Напишите мне еще раз на прощанье и разстанемся. Прощайте, дорогой, прощайте; все же ваша Бланка”.


;Сусанна к ;;Монде.;

“Дорогой друг, все кончено; вслед за моим письмом я сама приеду к вам, вся еще разбитая потрясениями этого последняго дня. Да, я была права, что так боялась его; но действительность оказалась еще ужаснее всех ожиданий. Вы не поверите, сколько страданий, унижений, отчаяния пришлось пережить в эти несколько часов. Вообразите, что вашу судьбу решают люди холодные, как лед, а вы чувствуете, как вас, точно в кошмаре, охватывает страшная пустота и, несмотря на все муки, нужно употреблять остаток сил и воли, чтобы сохранить собственное достоинство, скрыть горе, сдержать готовыя хлынуть рыдания. Да, слезы мне сдавили горло, душили меня; но вместо того, чтобы предаться отчаянию, мне пришлось спокойным голосом, обстоятельно отвечать на вопросы председателя, следователя, адвокатов… О, эти вопросы! Когда я думаю, что у меня нашлось мужество выслушать их я не умереть от горя, мне начинает казаться, что теперь я не та, чем была прежде, точно часть моего существа исчезла куда-то, убита этой последней борьбой… Слишком большую чашу унижений мне пришлось испить и следы отравы на веки подорвали мои силы.

“Мишель держался очень хорошо; он привык бороться и скрывать впечатления, Он отвечал неторопливо, уверенно, как человек знающий, что хочет сказать и не колеблющийся. Два или три раза он спокойно взглянул на меня. О, это превосходный комедиант, уверяю вас! Я уже давно это вижу, но ставила его искусство не на достаточную высоту.

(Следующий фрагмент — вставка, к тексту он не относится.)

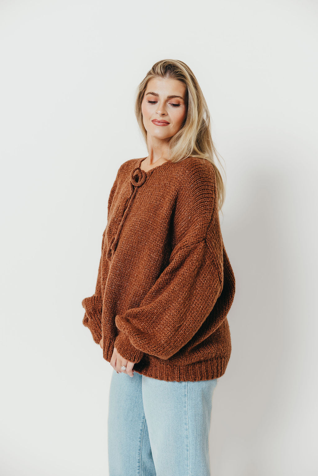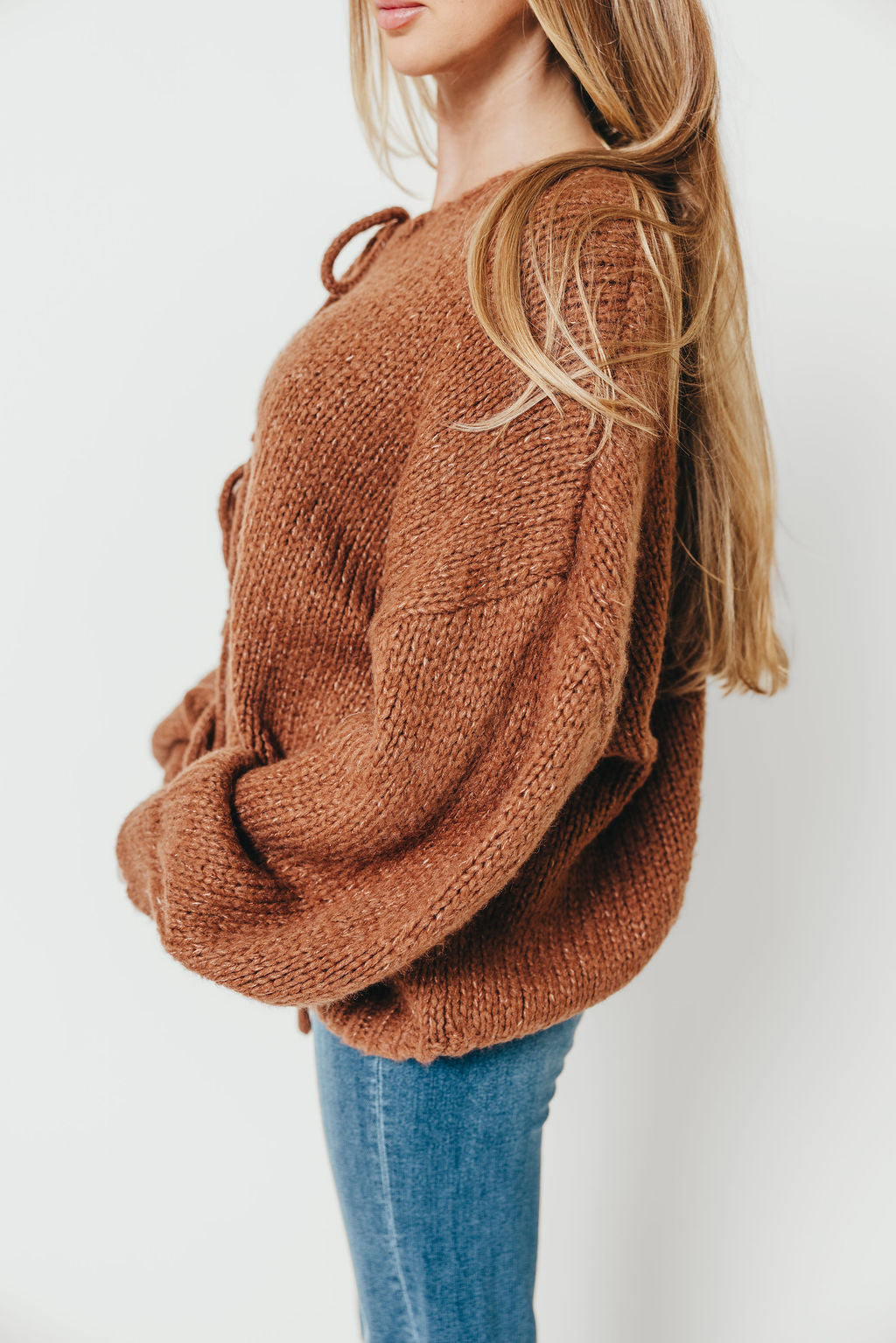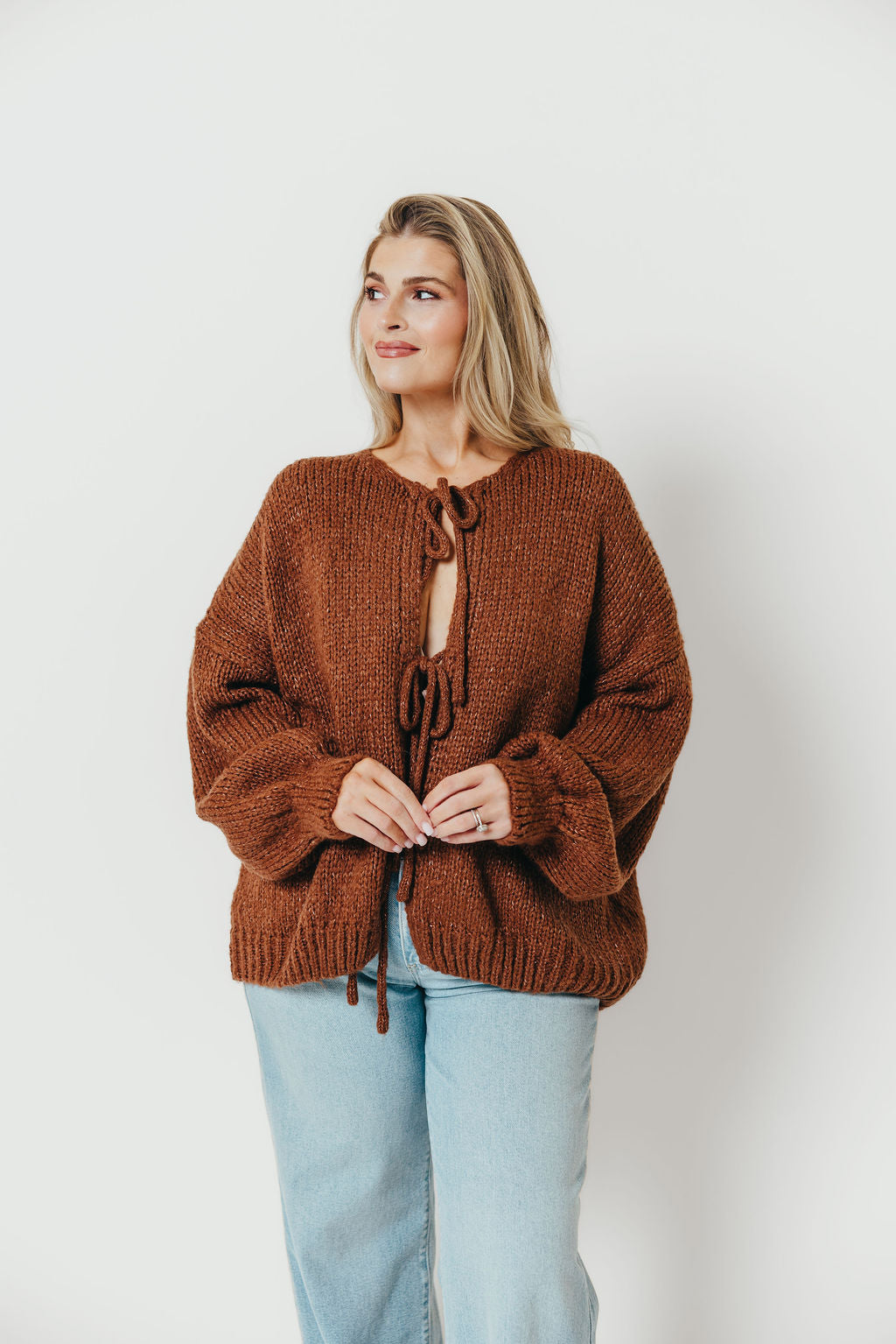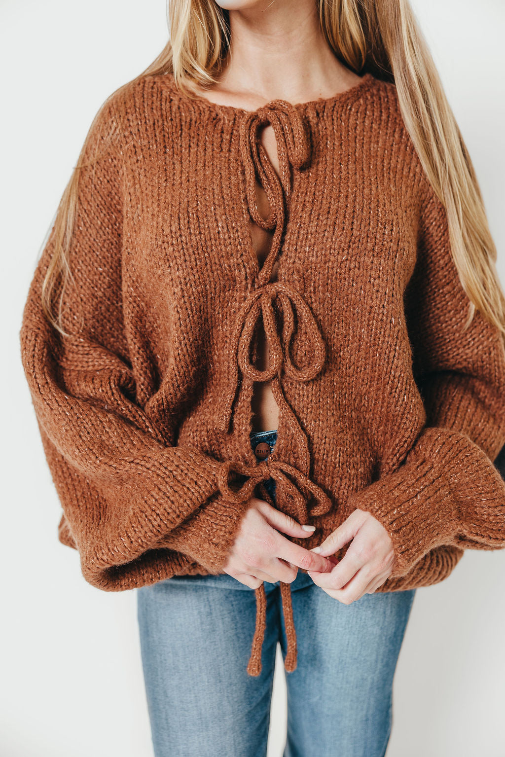 GARMENT DETAILS: Cozy wool-blend knit cardigan with rounded neckline, dropped shoulders, and front bow tie closure.
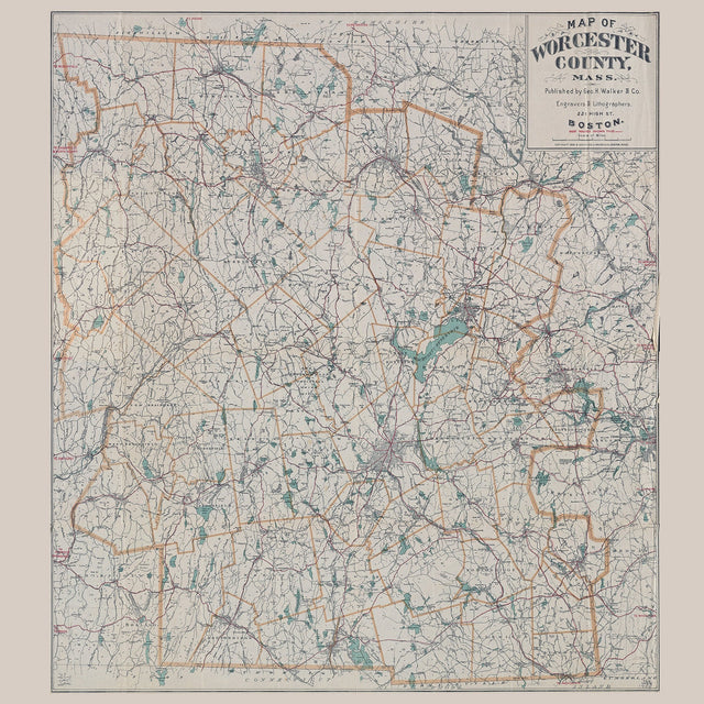 1904 Map of Worcester County Massachusetts - 20" x 20" Matte is backordered and will ship as soon as it is back in stock.
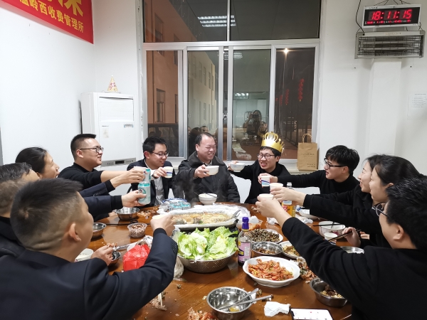 1月30日傍晚,溫嶺西費所二班成員齊聚 在單位食堂,為小壽星洪燈杰舉辦了一場簡單而又有意義的生日宴會
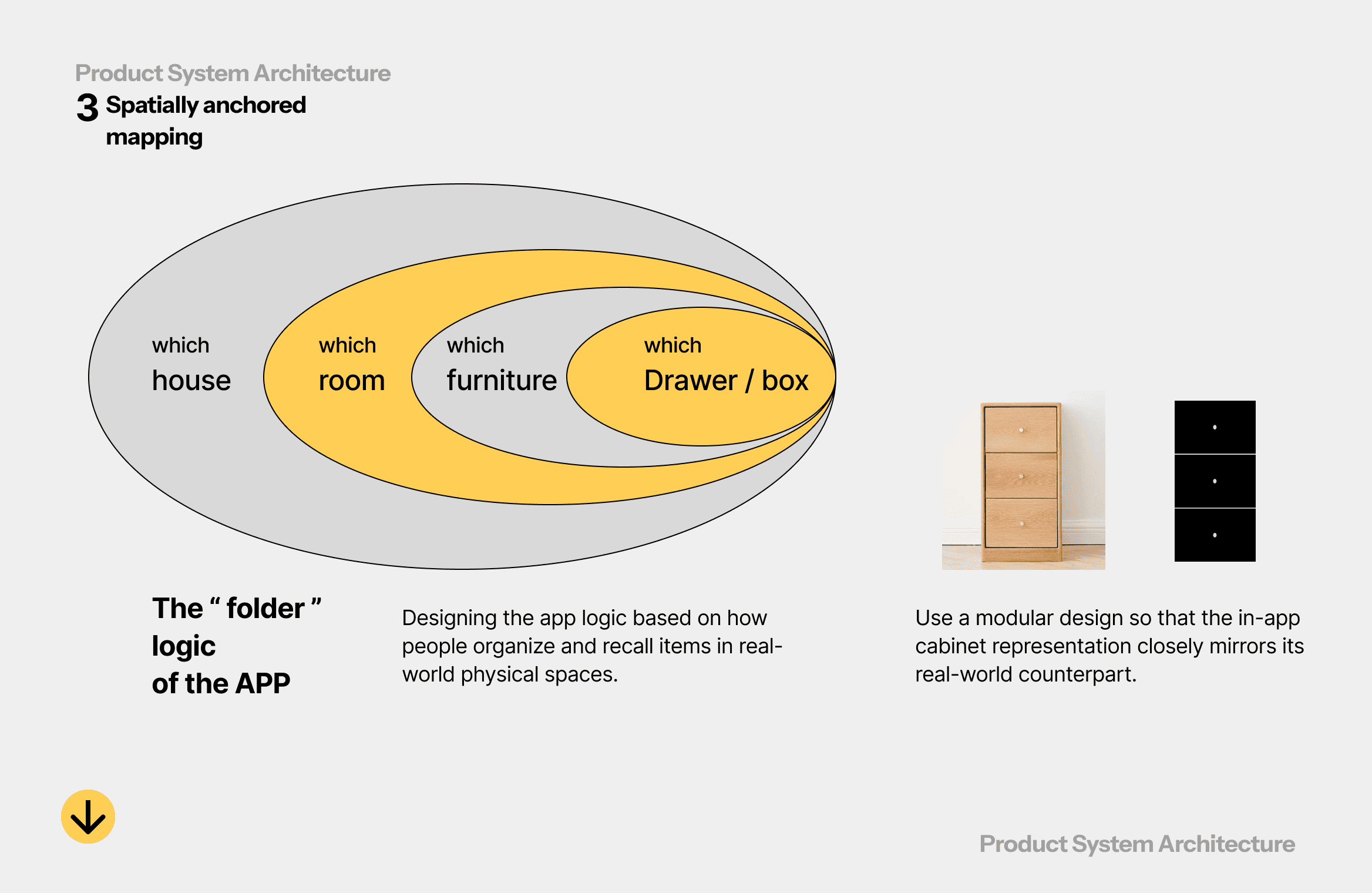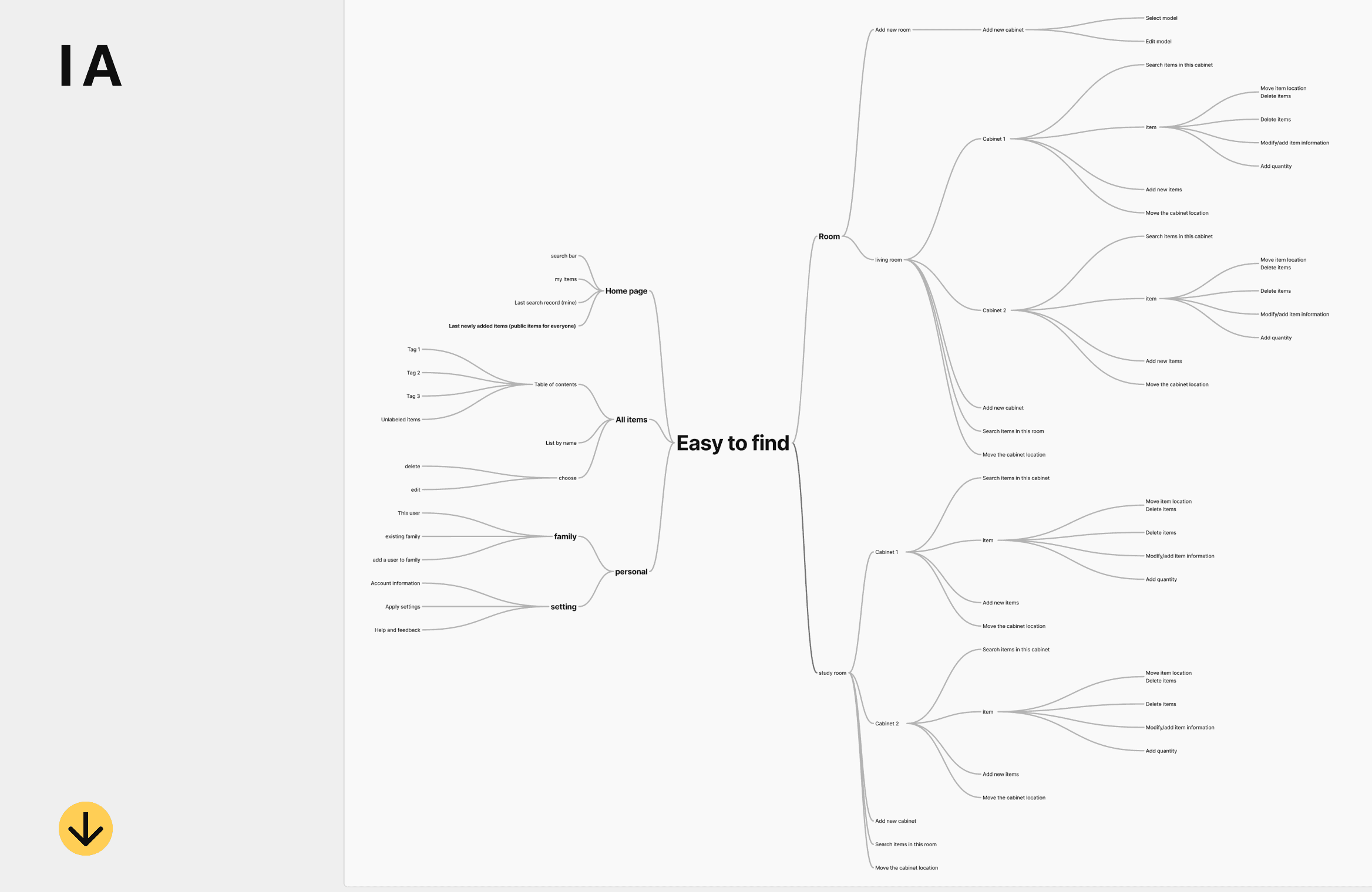 A short-term project focused on foundational UI design. It is an item storage and tracking system aimed at solving the problem of frequently misplacing small or infrequently used objects. I attempted to use the way people rely on spatial memory as the core structural logic of the product’s hierarchy, and explored visualizing the concept of “folders” within the UI. The project also includes extensive UX design documentation and user flows to explain how the system functions as a whole.
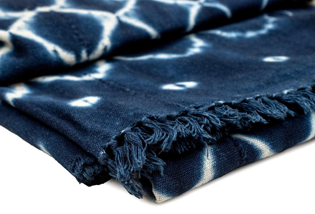 Admire the rich blue beauty of this authentic African Indigo Cloth. Woven from cotton, handmade textiles such as this play a central role in the artistic tradition of many West African countries where they are traditionally worn as clothing. Indigo cloths can be found in a number of African countries including Ghana, Togo, and the Ivory Coast. Look carefully and you will see that each piece has its own unique and distinctive pattern. This soft and versatile fabric can be used for all kinds of unique design projects. Use it as a table cloth, wall hanging, or simply as a colorful accent for your favorite room. Cloths vary in size however they generally measure between 43-51 inches wide x 63-71 inches long. Each piece is truly one of a kind. You will receive the exact cloth shown in the photograph!
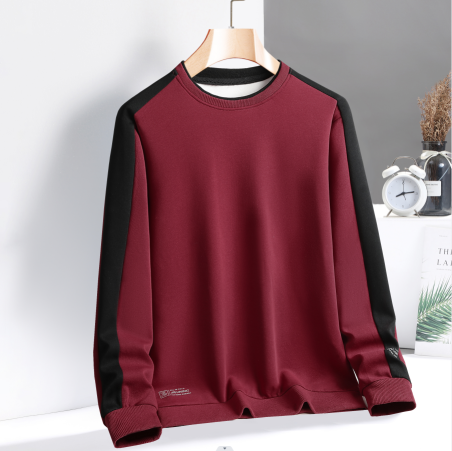 卫衣男秋季新款撞色男士休闲套头长袖T恤时尚运动圆领拼色潮流宽松型
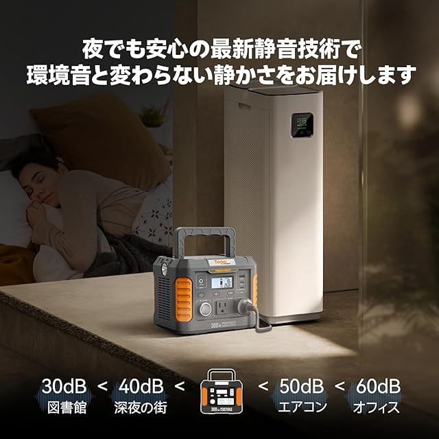 【バックアップ電源】:P300ポータブル電源はリン酸鉄リチウムイオン電池を搭載しており、充放電サイクル回数は4000回(一日一回利用する場合、約11年間利用可能)で、4000回使用後も工場出荷時の80%程度の電池残量を維持します。電力での長期保管も可能で、緊急時には十分な残量を確保できます。防災グッズとしてポータブル電源を備えていると安心感を得ることができます。また、純正の正弦波を採用しており、六つの出力ポートにより、最大6台のデバイスを同時に充電することができ、停電時でもスマートフォンの充電や最低限の電力供給が保証されます。
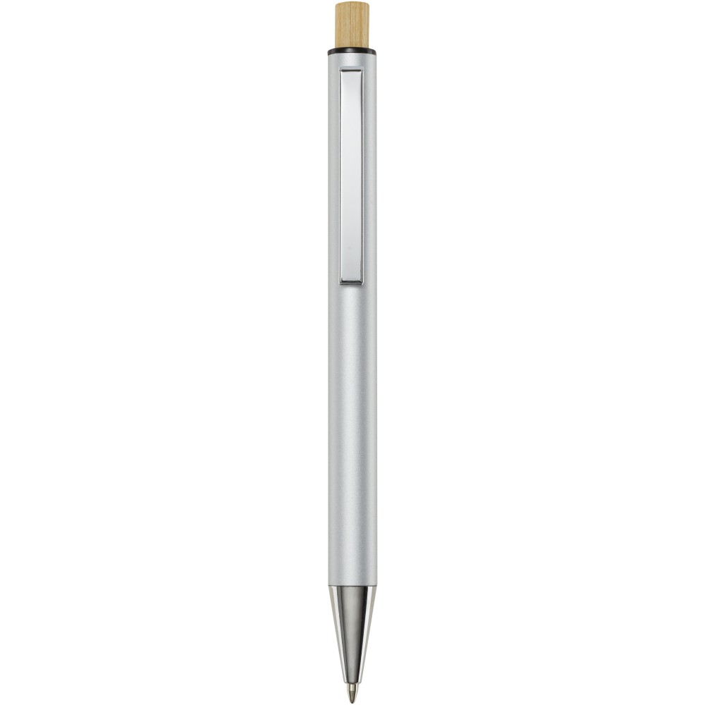 A Cyrus golyóstoll újrahasznosított alumíniumból készül, ami kevesebb energiát igényel, mint az alumínium nyersanyagból történő előállítása. Emellett csökkenti a hulladéklerakókba kerülő hulladék mennyiségét és hozzájárul a természeti erőforrások megőrzéséhez, amelynek célja az üvegházhatású gázok kibocsátásának csökkentése. A nyomógomb bambuszból készült. Tollbetét színe: fekete. Íráshossz: 800 méter. Tollhegy mérete: 1,00 mm.
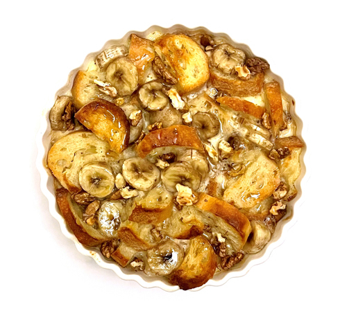 Bananenbrood? Nee, banaan & brood. Een heerlijk warm toetje uit de oven met – je raadt het al – wat overgebleven bananen en (stok)brood, plus walnoten en maple syrup.

Однако, и ему дришлось пережить несколько неприятных минут: не предупредив меня, мой адвокат внезапно сделал очень прозрачный намек на достаточно известныя отношения моего мужа к одной особе, которую он не считал себя в праве назвать, и упомянул, что обе стороны точно сговорились умалчивать об этой истории. В хитрых запутанных фразах он дал понять, что, может быть, в этих отношениях и следует искать истинную причину нашего печальнаго процесса, что будущее укажет, конечно, на то — верно ли его предположение, или нет. Мишель страшно побледнел, в его глазах сверкнуло такое бешенство, что я думала он сейчас бросится на адвоката. Эти намеки произвели сильное впечатление на присутствующих, меня же глубоко оскорбило то, что только это и затронуло Мишеля. Раньше ему высказывали жестокия истины, напоминали о его брошенных детях, неисполненном долге, испорченном существовании, погубленной карьере; он, кажется, даже не слушал; но едва задели то, чем он только и дорожит теперь, Мишель смутился, побледнел.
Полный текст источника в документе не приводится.